В случае отсутствия эффекта от проводимой терапии крупа 2-й степени на протяжении 48 часов, прогрессировании стеноза II степени и крупа 3-й степени обязательна назотрахеальная интубация термопластической трубкой значительно меньшего диаметра, чем нужно ребенку по возрасту [3, 5, 8, 9, 12]. Эндотрахеальная интубация требуется менее чем 1 % пациентов, обращающихся за неотложной помощью, и от 2 до 6 % госпитализированных детей. Необходимость в интубации следует ожидать среди детей с прогрессирующей дыхательной недостаточностью, процедура должна быть выполнена с минимально возможным препятствием дыханию. Трахеальная трубка требуется на 0,5–1,0 мм меньше, чем обычно используемый размер [5, 9].

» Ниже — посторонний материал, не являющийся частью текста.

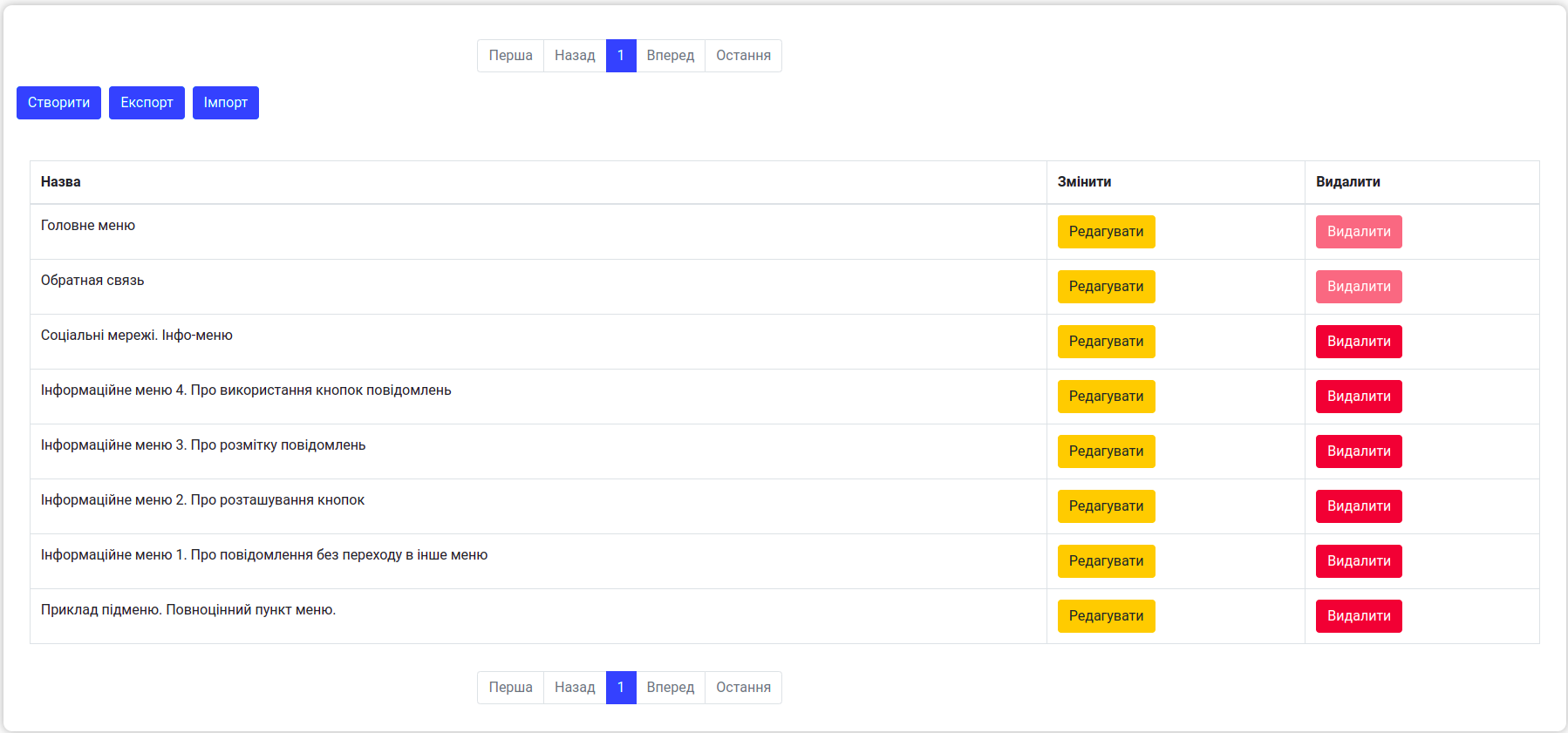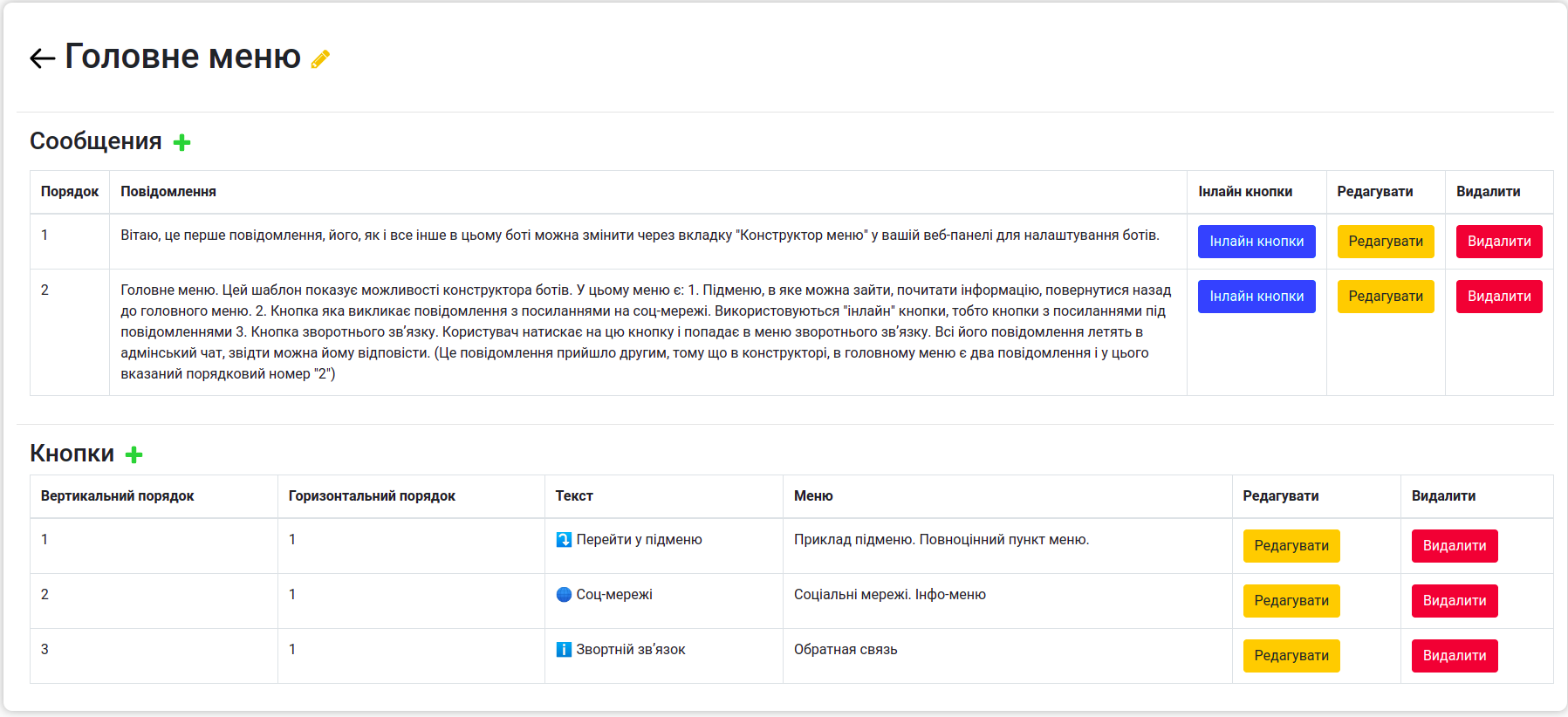 Тобто без програмування ви можете додати навігацію по боту, інформаційні меню будь-якої вкладеності, при цьому не боячись зламати основну структуру боту, тому що кастомна логіка боту та конструктор програмно ізольовані один від одного. При цьому ваш бот поєднає в собі складні функції зроблені нами під замовлення та пункти меню побудовані вами на конструкторі.
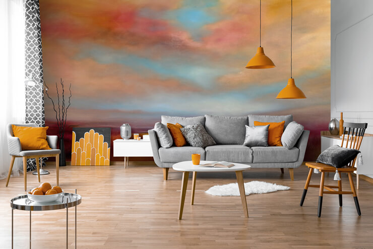Denne kule eterdesignen balanserer tremøblene i rommet med rolige akvarellfarger. Det viser også at du fortsatt kan plassere møblene dine i forgrunnen uten at det påvirker tapetet. Fargene og teksturene fungerer med en kunstlignende følelse på veggen.
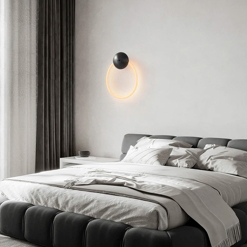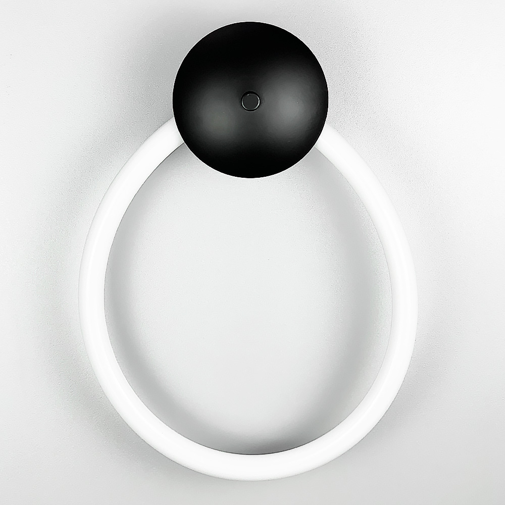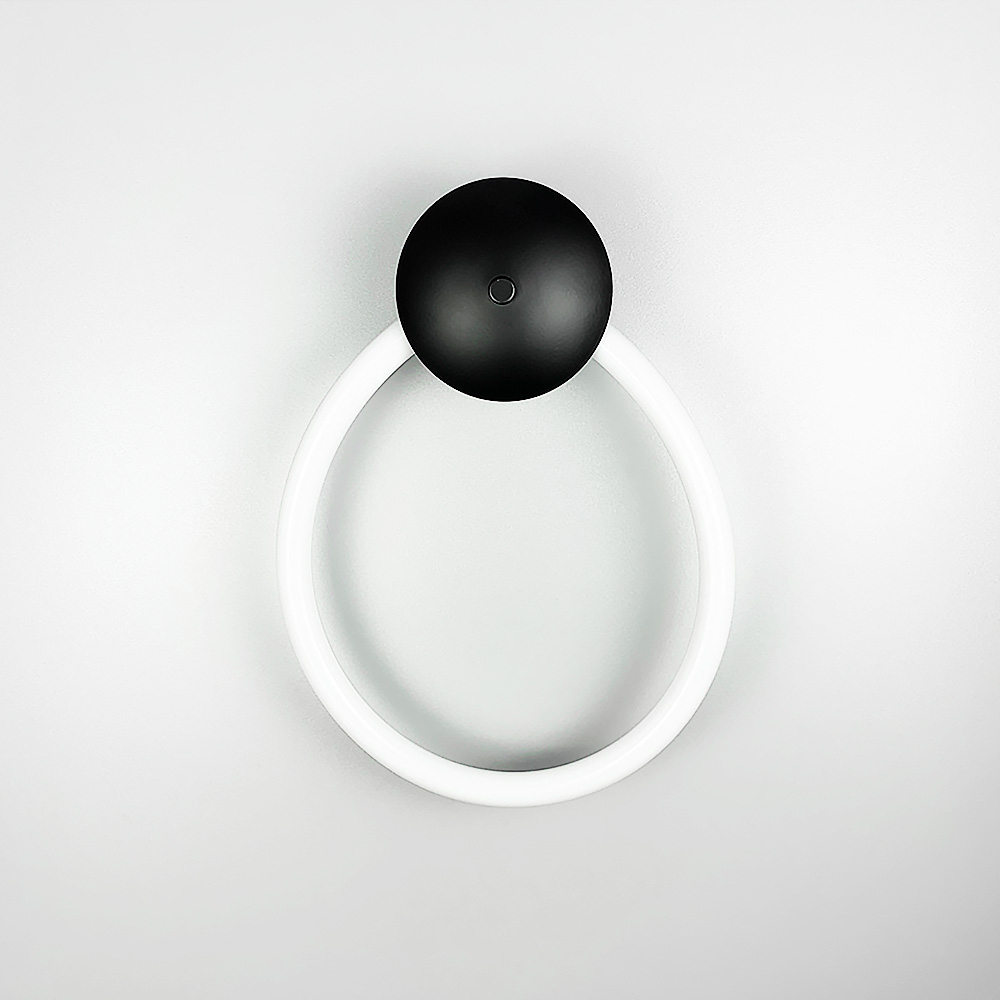 Інноваційний настінний світильник. Корпус світильника виконаний з чорного металу і чудово поєднується з гнучкою стрічкою в білому кольорі. Світильник має нейтральне денне світло.
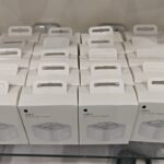 Compact square cube. Smooth finish. Minimal Apple branding. Easy to pack for travel.
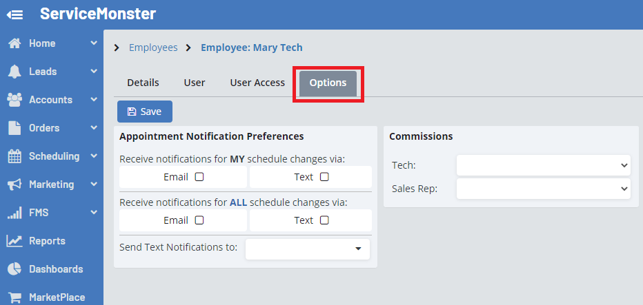 On this page, in the commissions box, you can choose the commission that will be applied if that employee is assigned as a Tech on an appointment, or as the Sales Rep on an order.
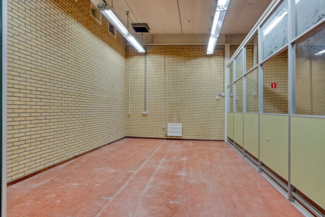 Het gebouw beschikt over meerdere opslagruimten, waaronder een opslagruimte aan de linkerzijde van het gebouw en een kleinere opslagruimte nabij de centrale kern. Deze ruimten zijn functioneel gepositioneerd ten opzichte van de kantoren en dragen bij aan praktisch gebruik van het pand.
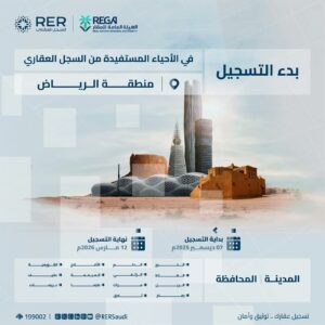 ويجب على ملاك العقارات الواقعة في نطاق الأحياء تسجيل عقاراتهم قبل نهاية يوم الخميس 12مارس 2026م، ويمكن التحقق من موقع العقار إذا كان ضمن المناطق المعلنة من خلال منصة السجل العقاري.
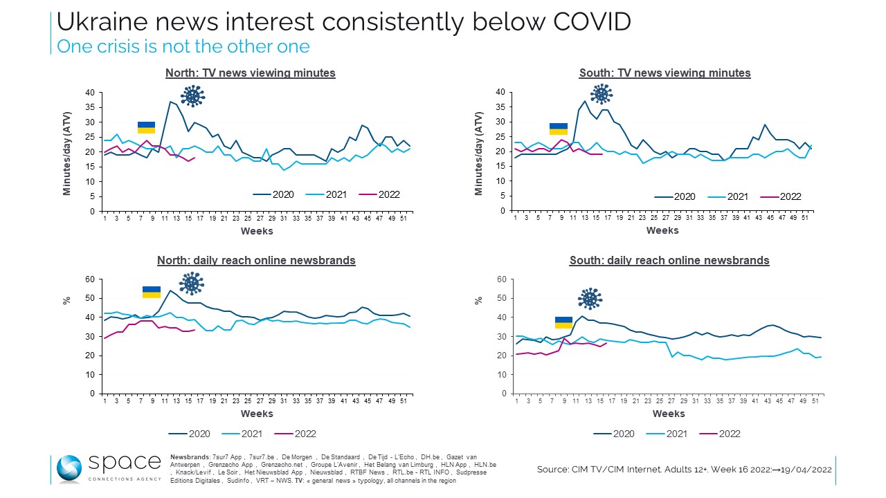 Il est probable que le Covid-19 a tué nettement moins de gens que l’invasion russe de l’Ukraine, mais quand on compare l’engouement pour l’information en 2020 au temps du Covid et celle qui prévaut depuis le 24 février dernier, jour du déclenchement de « l’opération militaire spéciale », on est clairement dans une autre dimension. Le Covid était à nos portes, l’Ukraine c’est plus loin. Comment arrive-t-on à ce diagnostic de moindre intérêt ?
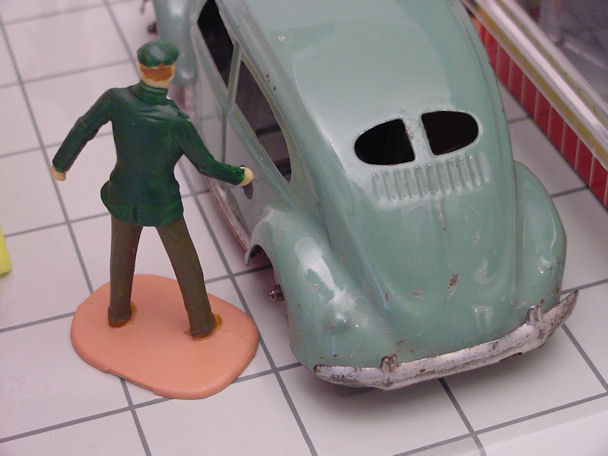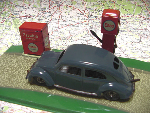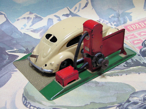 There is a small hole in the right rear fender of the TIPPCO KdF Wagen body. TIPPCO produced a special tin plate "ESSO" or "STANDARD" tankstelle or fuel stop platform accessory. The KdF Wagen was driven onto the colorful lithographed platform (cobblestone looking base) to simulate a fuel stop. A shaft extended from the red lithographed tin fuel pump, into the keyhole at the side of the KdF body, and connected to the shaft of the clockwork motor. The clockwork motor was then wound up by using the special ratchet and lever built into the fuel pump. Also located on the fuel pump is a rubber hose with a metal nozzle. The nozzle fits into a small hole in the rear fender of the toy to help simulate a real fuel stop, although we all know the VW fuels from the front. TIPPCO also produced other tin vehicles such as a Mercedes and Opel that also used this fuel station so the rear fueling was appropriate. The fuel pump platform came in a couple of variations that included an oil container, lithographed map sign and a foot stool to step on when cleaning the windows. The fuel stop platform was also stamped “MADE IN GERMANY” in the lithograph design.
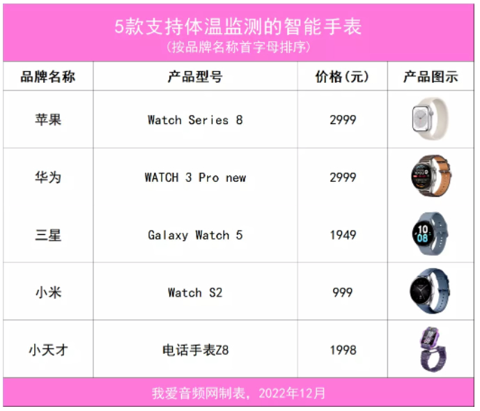 在此之前,我爱音频网已经为大家介绍过 两款可以监测体温的TWS耳机 。在本文中,我爱音频网针对市面上具备体温监测功能的智能手表,进行了整理汇总并作详细介绍。话不多说,下面就让我们来看看都有哪些产品。
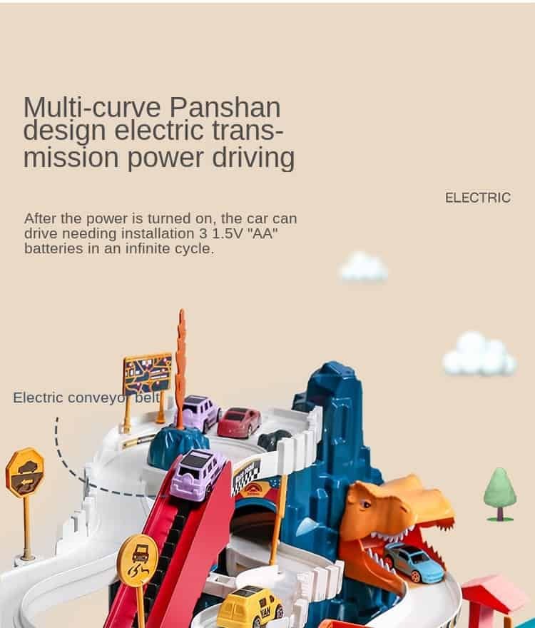 Note: Dinosaur Track:3*AA batteries (not included) are required; Parking Lot:4*AA batteries (not included) are required
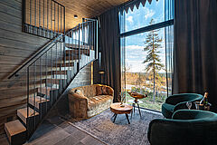Das Grand Hideaway entfaltet eine harmonische Balance aus Privatsphäre und stilvollem Komfort in der stillen Landschaft Lapplands, ideal für bis zu sechs Gäste. Drei individuell gestaltete Schlafzimmer mit eigenem Bad garantieren behagliche Ruhe und Komfort, darunter ein großzügiges Master‑Bedroom mit freistehender Badewanne. Ein Highlight ist die Wilderness Sauna mit beheiztem Außen‑Jacuzzi, von dem aus sich weite Ausblicke über die arktische Natur eröffnen und Sternenhimmel sowie Nordlichter fast zum Greifen nah erscheinen.
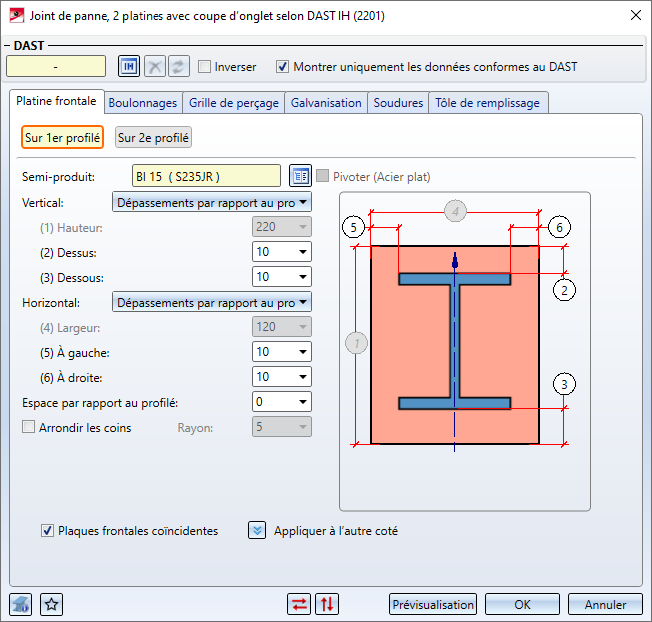 3. La fenêtre de dialogue Joint de panne, 2 platines avec coupe d'onglet selon DAST IH (2201) s'ouvre.
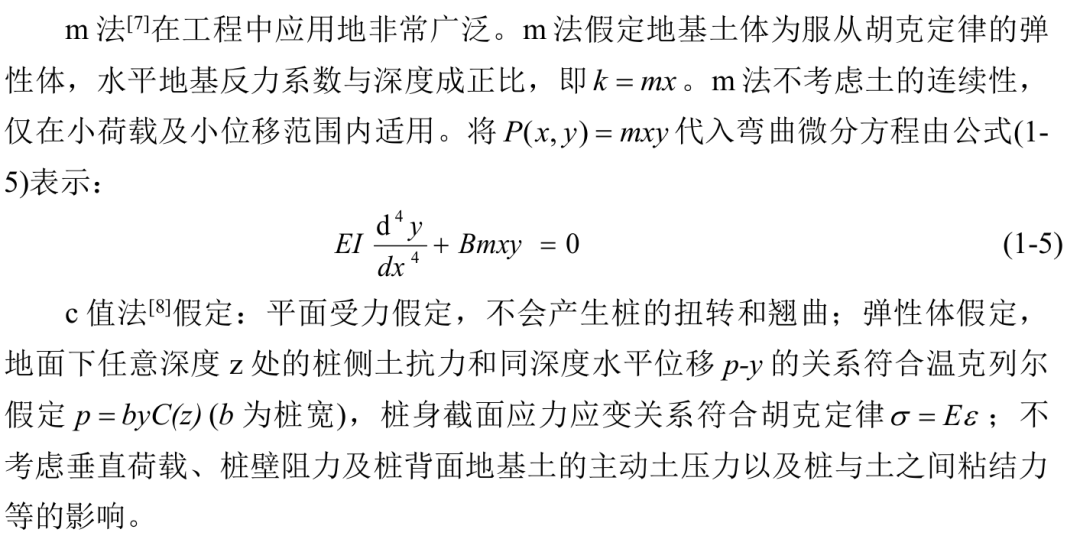 若弹性地基反力法按y的指数n来分类,通常分为n=1时的线弹性地基反力法和n≠1时的非线弹性地基反力法。目前一般规定水平荷载作用下单桩允许水平位移约为6~10mm,当水平位移在允许位移范围内时,桩侧土抗力和桩身水平位移可以近似认为呈线性增加。小位移使用线弹性地基反力法,反之则使用非线弹性地基反力法。
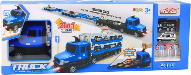 Ontdek de leuke 2-in-1 set: een robuuste blauwe transportvrachtwagen die, eenmaal uitgeklapt, verandert in een lange racebaan. Dankzij licht- en geluidseffecten, politieautootjes op schaal 1:64 en een set verkeersborden wachten kinderen uren aan creatieve spelletjes en actievolle races.
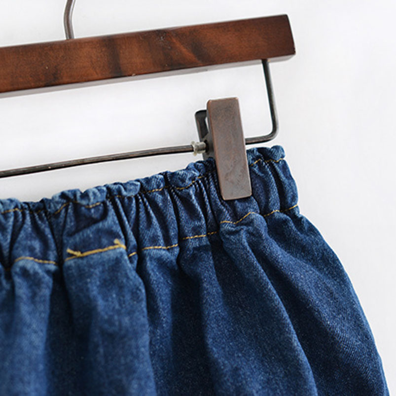 INS 한국 스타일 남아 데님 반바지 봄 여름 유아용 레이스업 팬츠 여아용 러플 빅 PP 팬츠
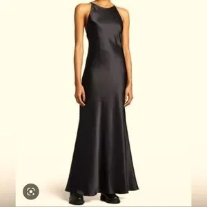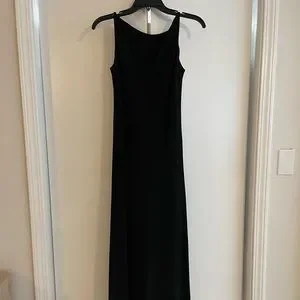 Classic black gown, boat neck with low back and black gems adorning the cinched back. Stunning train. Comfortable fit and classic style. Size 6 and true to size.
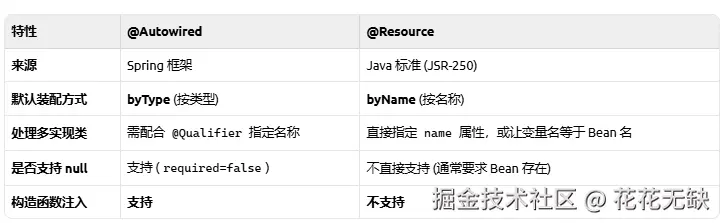 - 字段注入: 如果你的 Bean 只有唯一的实现类,使用 @Autowired 或 @Resource 都可以。 如果已知某个接口有多个实现类,且你需要指定具体的一个,使用 @Resource(name="...") 代码会更简洁(比 @Autowired + @Qualifier 少写一行注解)。
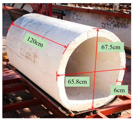 The primary lining prototype was cast in situ with C25 shotcrete, and the secondary lining prototype is a reinforced concrete structure with C40 concrete. In this test, the primary and secondary lining were poured with C30 concrete simultaneously. The mechanical parameters of the lining are based on actual engineering. The elastic modulus and compressive strength of the lining are 30 GP and 30 MPa, respectively. The parameters of the materials are shown in Table 1. The cross-section of the lining shows a two-lane and five-center-circle section; the thickness is 0.6 m (including primary and secondary lining), the span length is 6.58 m, the height is 6.75 m, and the axial length is 12 m. The dimensions of the model are 120 cm × 65.8 cm × 67.5 cm (length × width × height) and the thickness of the lining is 6 cm. The dimensions of the model are shown in Figure 5.

Дезинтоксикационная терапия проводится по показаниям и под строгим контролем диуреза. Общий объем инфузии рассчитывают, исходя из 30–50 мл на 1 кг массы тела в сутки. При этом необходимо учитывать наличие общетоксических проявлений и степень их выраженности.
Эффективность антибактериальной терапии при вирусном ложном крупе не доказана. Назначение антибиотиков оправданно лишь при крупе, осложненном бактериальной инфекцией. Интубация и трахеостомия осуществляются при неэффективности консервативной терапии и проведении реанимационных мероприятий [8].
При своевременной диагностике и адекватной терапии на догоспитальном этапе прогноз заболевания благоприятен.